Oral health care must evolve to support planetary health.
For nearly a third of humanity, tooth decay is not a minor inconvenience but a persistent, often untreated burden — one that has long been addressed with a material, dental amalgam, that carries its own quiet cost to both people and planet. The World Health Organization has now issued comprehensive guidelines charting a different path: mercury-free, less invasive approaches to preventing and treating dental caries that are clinically sound, environmentally responsible, and designed to reach the most vulnerable. This is not merely a technical revision to dental practice — it is a recognition that how we care for human bodies cannot be disentangled from how we care for the world those bodies inhabit.
- Tooth decay silently afflicts 2.7 billion people, often beginning in early childhood and falling hardest on those with the least access to care.
- Dental amalgam — the decades-long standard of treatment — contains mercury that harms ecosystems and poses ongoing risks to patients and the dental workers who handle it daily.

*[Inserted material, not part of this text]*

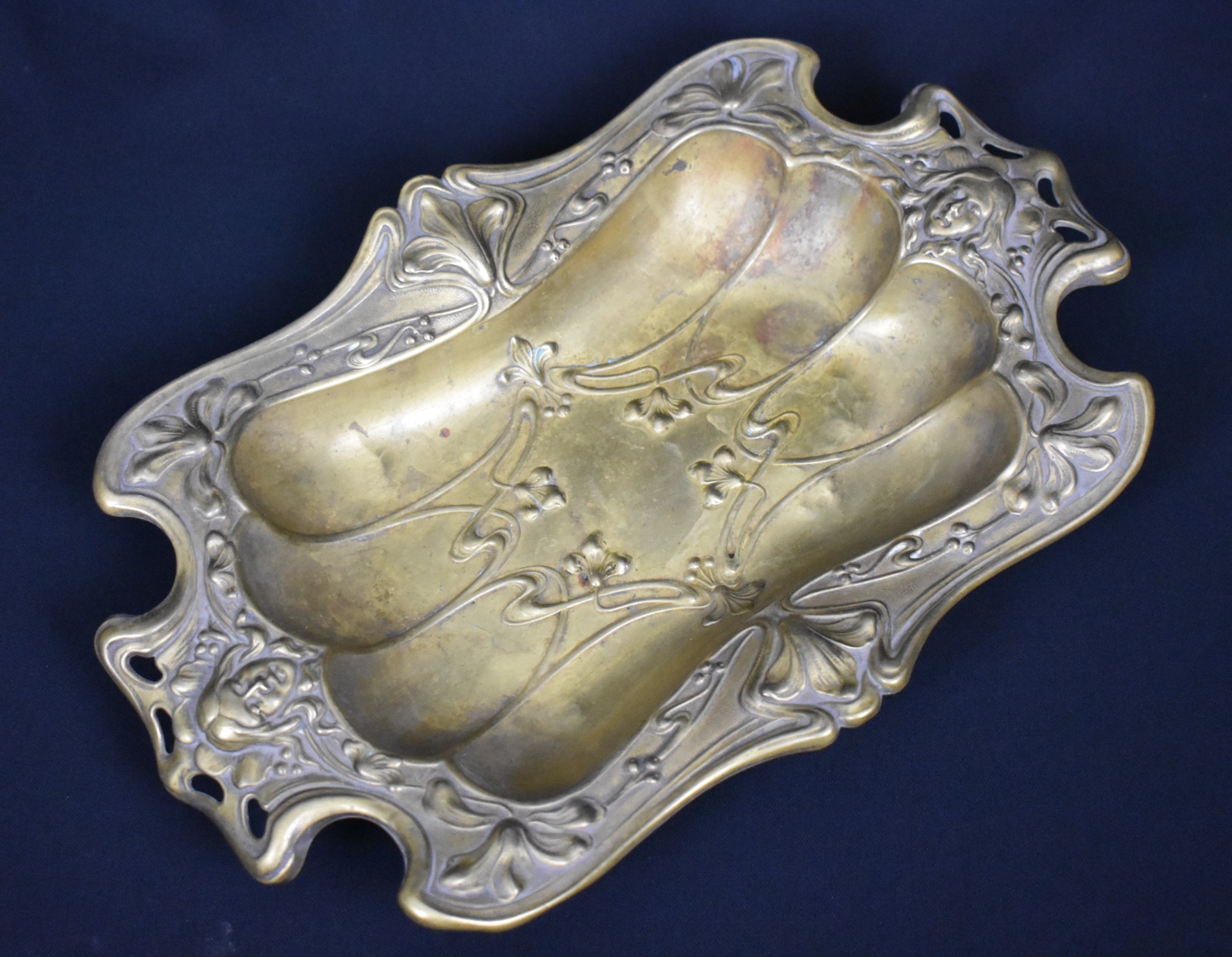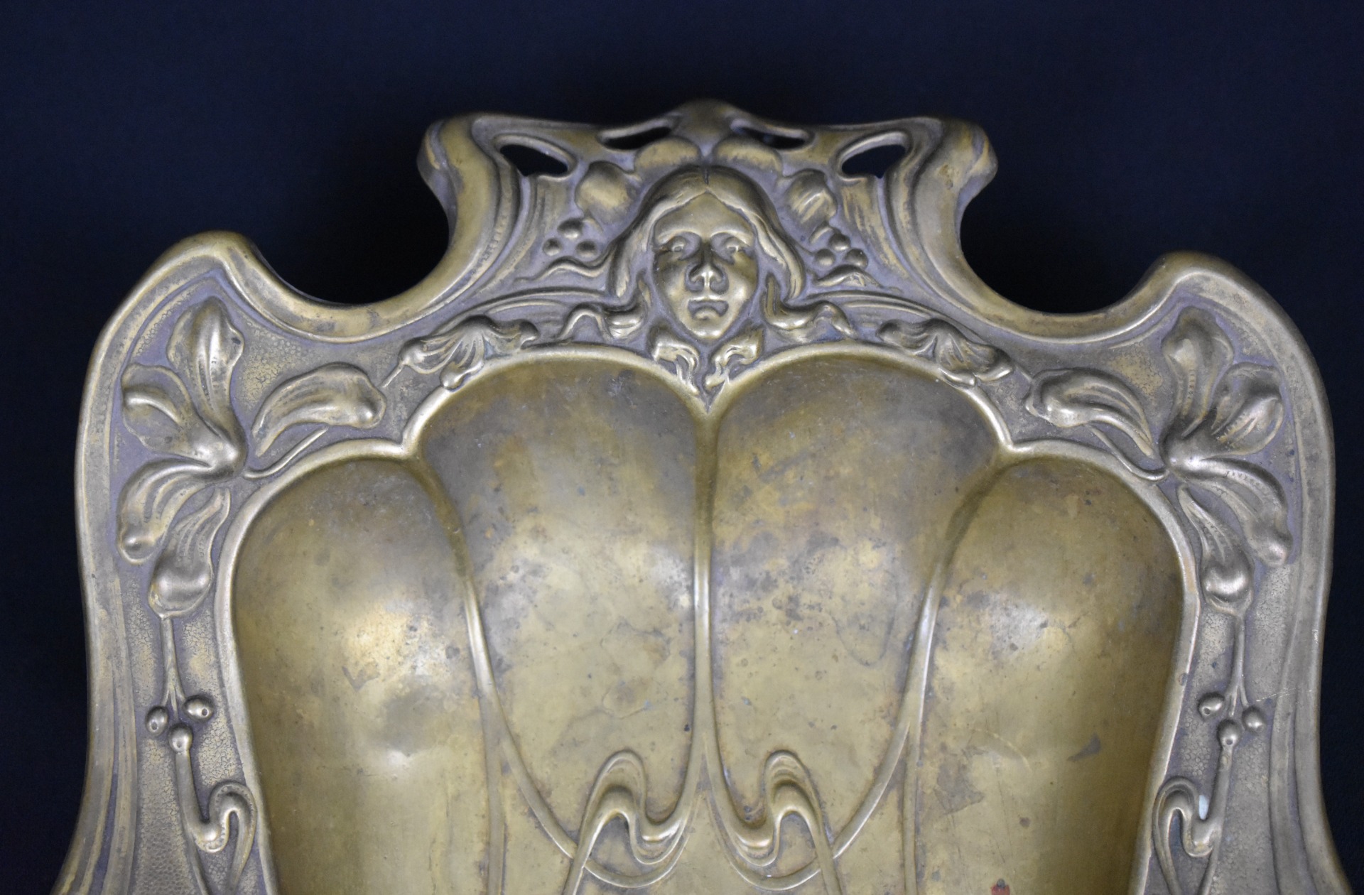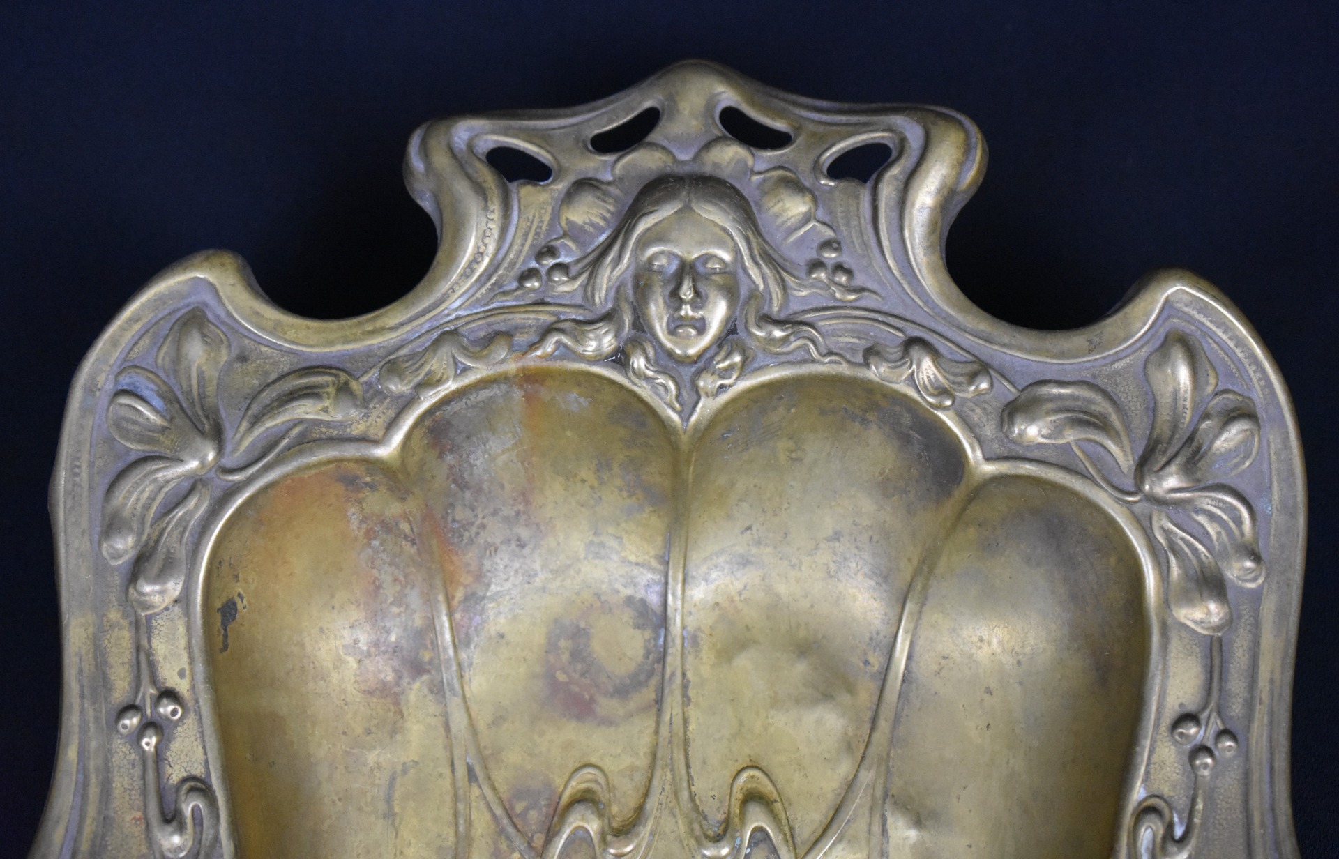 Spectaculoasă fructieră Art Nouveau, realizată în jurul anului 1900, confecționată din alamă masivă, cu un decor bogat, fluid și intens ornamental. Piesa se distinge prin prezența unui cap de femeie stilizat, integrat armonios în compoziția vegetală ondulată, motiv iconic al estetici Art Nouveau, unde figura feminină este simbol al naturii, frumuseții și vitalității.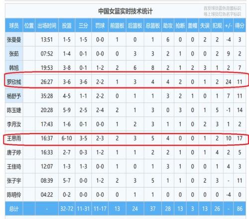 俗話說,數(shù)據(jù)不會說謊,從羅欣棫、王思雨的個人數(shù)據(jù),正負值,就充分說明,她們的表現(xiàn)對球隊的幫助巨大,是球隊的贏球的最大功臣。

- WHO's new guidelines present clinically validated, affordable alternatives: fluoride varnish, silver diamine fluoride, and mercury-free restorations that match or outperform the old standard without the environmental toll.
- Vulnerable populations — children, pregnant women, those with allergies — receive specific protections under the guidelines, including limits on exposure to BPA derivatives found in some composite materials.
- The path from guideline to practice is steep: governments must rewrite policies, dental schools must retrain faculty, and front-line workers in under-resourced clinics must gain access to new materials and methods before 2030.
- A global launch webinar on World Oral Health Day, March 19, 2026, will formally introduce the guidelines — but the deeper transformation will be measured in clinics, curricula, and communities far beyond that moment.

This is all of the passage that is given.